Lexington Law’s clients have seen an average of 10.2 items, or 24% of their representing negatives, removed within four months. That’s pretty fast.

It’s illegal to guarantee results for credit repair. It’s also impossible to predict, so be wary of any company guaranteeing to “clean up your credit in 30 days.”

Compare the Best Services to Raise Your Credit Score Online

The best services to raise your credit score come from two main sources: credit repair services that you pay for and DIY services that are free or charge a much lower fee than services that charge to do the work for you.

You can also do the work yourself to raise your credit score, saving you monthly fees from credit repair services and giving you a chance to learn how to improve your utilization ratio and do other things so that your credit history improves.

A key first step is to get copies of your credit reports on your own. Federal law allows consumers to get a free copy of their credit report each year from each of the three main credit reporting bureaus. Look them over carefully for mistakes, and then report the mistakes to the credit bureaus and your lenders to resolve them.

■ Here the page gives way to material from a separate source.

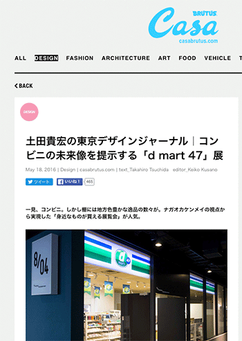 渋谷ヒカリエのd47 MUSEUMにて現在、開催中の「d mart 47」展について取り上げている記事が、カーサ ブルータスに掲載されています。
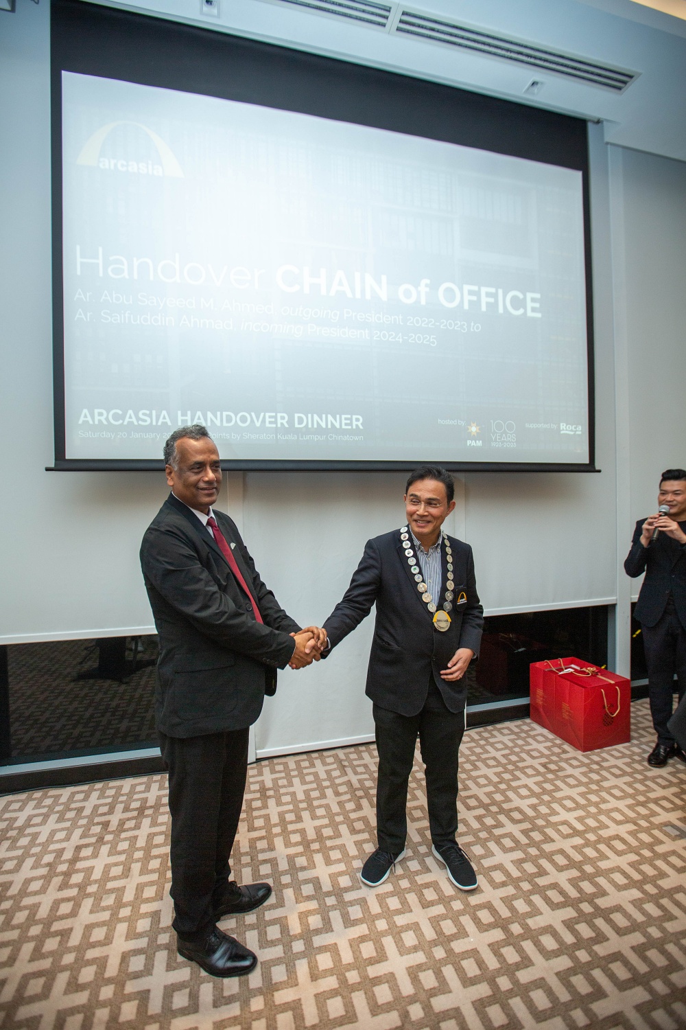 During the dinner outgoing President Abu Sayeed handed over the chain of office to incoming President Saifuddin, who later introduced the office Bearers and Committee Chairs for the 2024-25 term. PAM Vice-President Ar. Dexter Koh & Honorary Treasurer Ar. Ridha Razak were appointed ARCASIA Honorary Secretary and Honorary Treasurer respectively, while Past President on Council Datuk Ar. Tan Pei Ing was named one of two Advisors of the President. Ar. Alice Leong was elected Chair of ACGSA – ARCASIA Committee on Green and Sustainable Architecture.

Online credit repair services, such as the ones we’ve recommended, can do all of this work for you for fees of $80 or so per month. You may only need the service for a few months, depending on how many errors need to be fixed.

Finding and fixing errors on credit reports should improve your credit scores. But legitimate bad marks on your reports are much harder to get removed. You may have to wait seven years for legitimate marks to fall off naturally, or start doing the hard work of paying your bills on time and following other good financial habits to raise your credit score.